Collection of the artist © Peter Wegner
How does an interview manifest in a portrait? Wegner’s incorporation of inscriptions into the works reflects the conversation, while also evoking the palimpsest of memory. For example, in his portrait of Arthur Atkins, the name and details appear faded except for the statement, ‘I did 31 trips in the Lancaster Bomber’, presenting a powerful personal narrative, and the achievement of simply surviving (half of all Lancasters were shot down over Europe in the Second World War). Some notes situate a life in world history: Alice Eastwood, born during the First World War, remembers the days of horse and cart, the Harbour Bridge being built, and the Second World War. Others combine personal and world history: Keith Kellar served in the Middle East and New Guinea in the Second World War, but his first job was scaring cockatoos off crops for 14 shillings a week.

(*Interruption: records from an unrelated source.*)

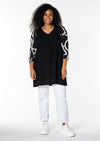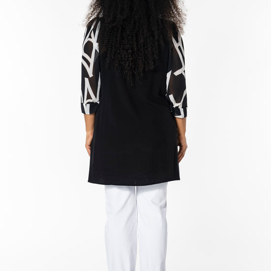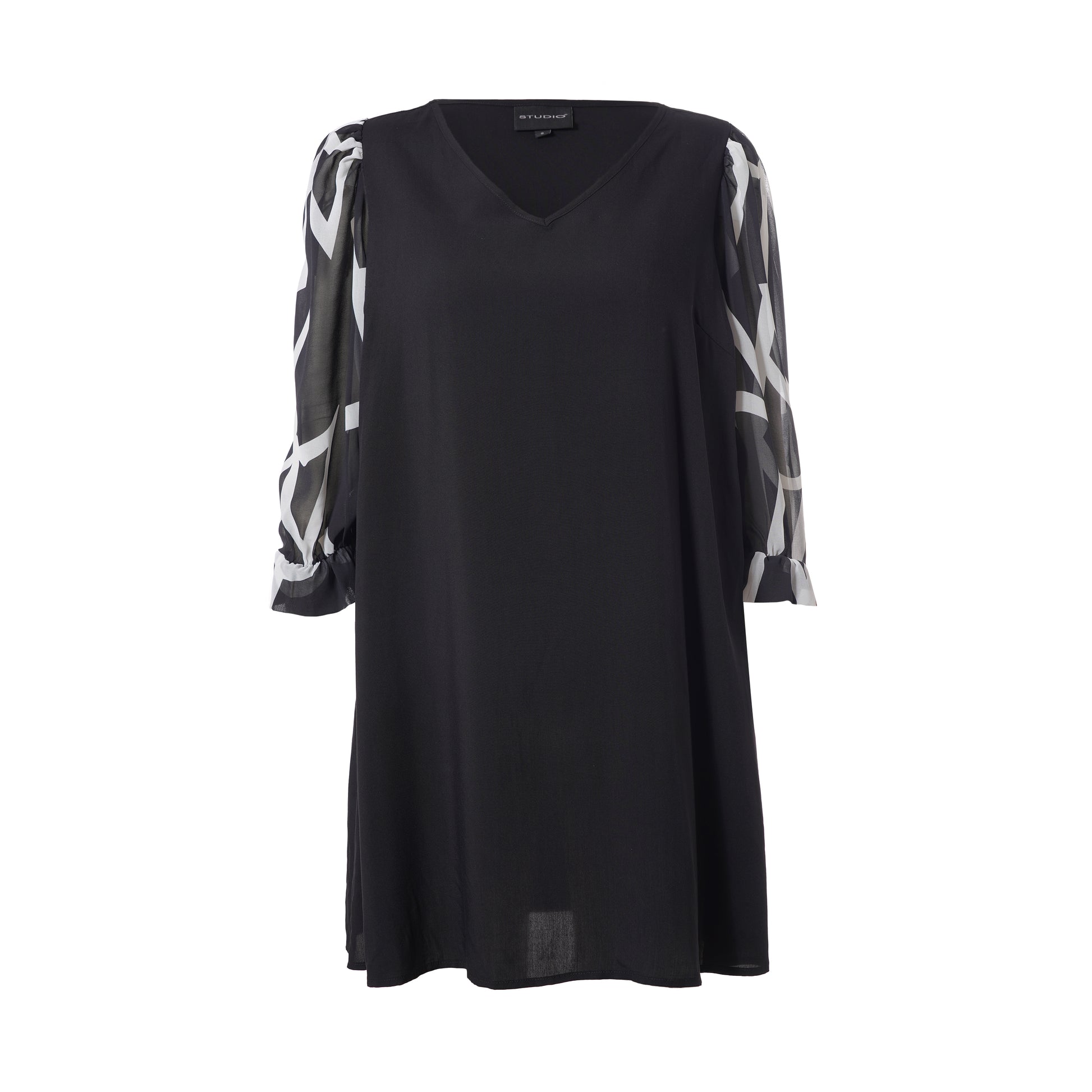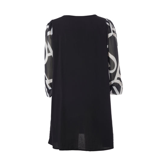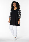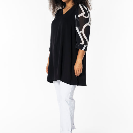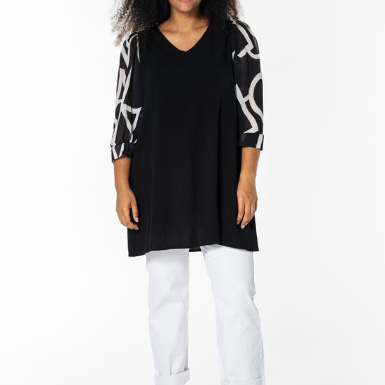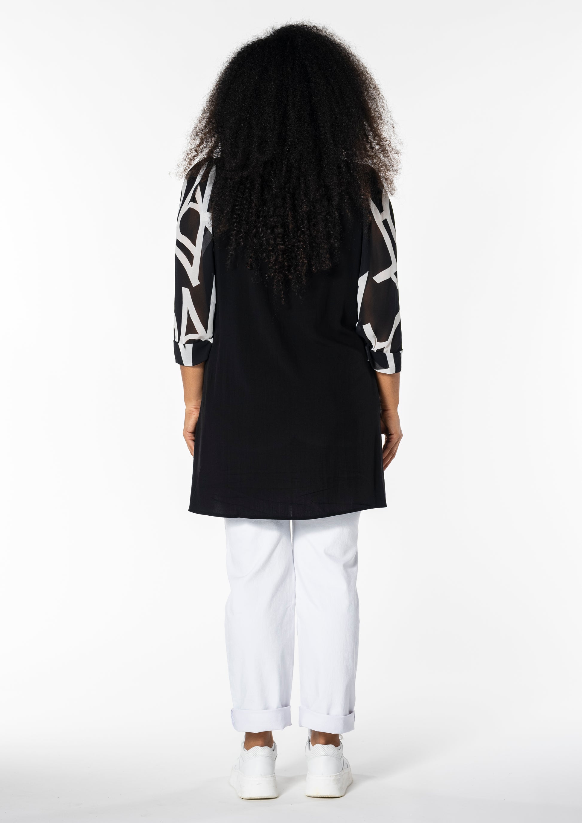 Oppdag en vakker tunika fra Studio som kombinerer eleganse og komfort til perfeksjon. Denne tunikaen er i en solid svart farge med sjarmerende hvite hjerter på chiffonermene, som skaper et unikt og stilfullt utseende. Designet har en flott V-hals og trekvartlange chiffonmermer som gir et feminint preg til antrekket ditt. Tunikaen er laget i 100% viskose og har en A-formet passform som faller lett og flatterende rundt kroppen.
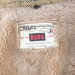 Super comfortable and warm. Vintage made in Canada Borg lined jacket. 22" pit to pit. Brown accents on cuffs and pockets. Heavy duty zipper.
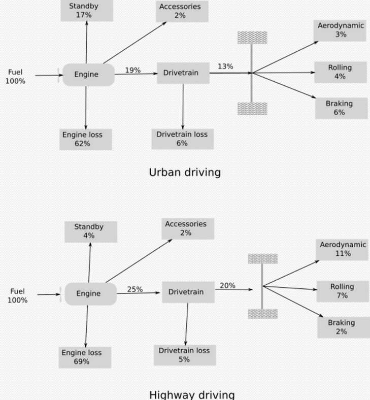 A diagram by the United States Department of Energy (DoE) shows cars with internal combustion engines as having efficiency of typically 13% in urban driving, 20% in highway conditions. Braking in proportion to the useful mechanic energy amounts to 6/13 i.e. 46% in towns, and 2/20 i.e. 10% on motorways.
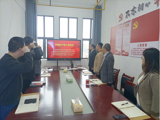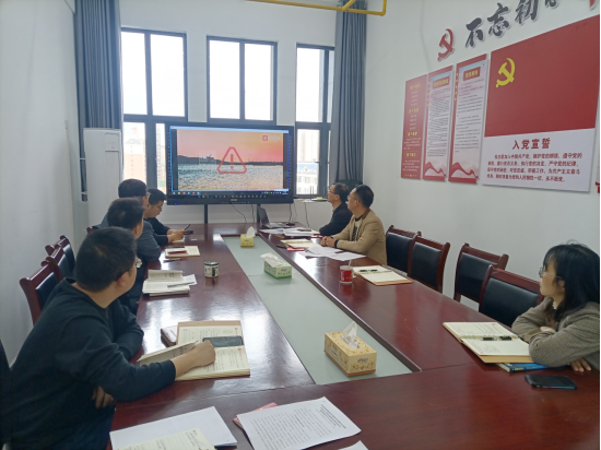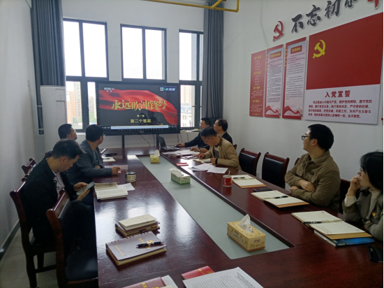 在交纳党费、唱国歌、重温入党誓词、诵读党章后,党委书记周国鹏同志领学学习贯彻习近平新时代中国特色社会主义思想主题教育工作会议精神;党委副书记杨胜同志领学习近平总书记在二十届中共中央政治局第四次集体学习的重要讲话精神;王可畏同志领学湖北省组织部长会议精神、咸宁市组织部长会议精神;支部书记冯锦平同志领学王蒙徽在湖北省科技创新大会上的讲话精神。
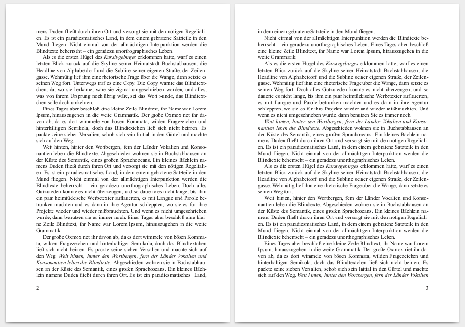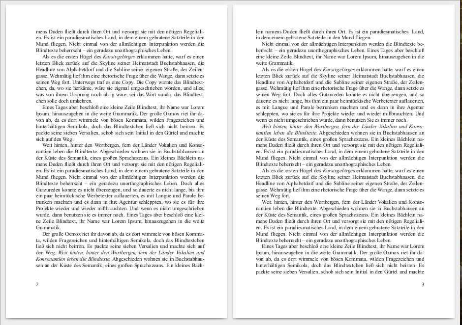 Der Durchschuss ist auf der linken Seite 0,3 Punkt größer. Vom Grauwert her ist das in Ordnung. Ich würde das, wie gesagt, dennoch nur als letztes Mittel in Betracht ziehen, wenn keine bessere Möglichkeit besteht.
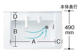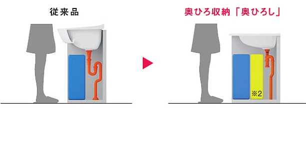 水がコーナーの排水口へまっしぐらに流れる設計。泡や髪の毛をスイスイすべるように押し流すので、使うたびにキレイに。お手入れもラクラクです。 タオルなどぬらしたくない物を置く「ドライエリア」と、一段低い位置にコップや石けんなどぬれた物を置く「セミウェットエリア」の、2つのエリアを設けました。

As a portrait painter, Wegner is fascinated with body language: ‘The way someone sits down can show the whole character of the person’. He just asks them to sit comfortably and move as they like, most often taking the first pose they sit in. ‘Sometimes an arm or hand will move and I’ll erase and move, but I like the traces of the previous line to remain and preserve the process of drawing from life.’ As with recollections, details in these portraits float in and out of focus, and the sharing of a life story resonates in the portraits’ dynamic mark-making and erasures.
1 Mrs Flynn, 2017. 2 Mollie Jeffrey, 2018. Both Peter Wegner.
Collection of the artist © Peter Wegner
When people speak, most often the greatest animation occurs in the face and hands. These are Wegner’s starting point and focus. Mrs Flynn’s hands, for example, show the texture and gentle angles under skin thinned with age. In all of the portraits the gaze of the sitter is direct, with expression on the warm side of neutral – they are not posed faces but they do convey character. Former nurse Mollie Jeffrey’s warmth leaps of the page through Wegner’s careful attention to the form, line, and texture of her eyes, lips, hair, fingers and collar. The direct gaze is not challenging or uncomfortable because of the energy that emanates in conversation. The face and hands often remain the only fully developed features in the final portrait – another way these works stay true to the concept of a drawn interview.
1 Erwin Fabian, 2017. 2 Marg Mossop, 2015. Both Peter Wegner.
Collection of the artist © Peter Wegner
Rather than appearing as romanticised figures, these centenarians are arrestingly real. Each portrait conveys a powerful sense of human presence, even when their story is as dramatic as Erwin Fabian’s. He was a refugee from Nazi Germany who escaped to England, only to be transported to Australia aboard the Dunera and interned at Hay and Tatura. (The Portrait Gallery holds Fabian’s portraits of fellow internees Kurt Baier and Fred Gruen.) There is a relaxed intensity in Fabian’s pose and gaze, which is almost indirect – but with a movement in the eyes that catches you. As full-length portraits, Wegner’s point of view and inclusion of clothes and furniture lets us sit alongside him as he listens.
1 Lydia Bennett, 2016. 2 Boz Parsons, 2019. 3 Myrtle Hooper, 2019. All Peter Wegner.
Collection of the artist © Peter Wegner
‘I feel so good about life when I come out of these conversations – every time, I have learnt something about them and about myself’, he reflects. ‘This is reaffirming to life.’ The only thing Wegner adds to the portrait post-sitting is a memorial postscript. The artist admits that ‘in an odd sort of way I’m still trying to find out how to live to 100’. He always asks his sitters this question and often includes the answer in their portrait. For Fabian it’s being ‘keen on your work’; Lydia Bennett says ‘movement is life. I keep moving’. In Mildura, Hilda Heley told Wegner, ‘Enjoy life … Just take things as they come.’
Peter Wegner’s portraits subvert any concept of centenarians as individuals invisible behind the mystique of defied mortality. Through the interview transcribed as portraiture, each centenarian appears as a living, breathing link with history – someone who has visited that ‘foreign country’ of the past where, as the old L P Hartley quote has it, they ‘do things differently’.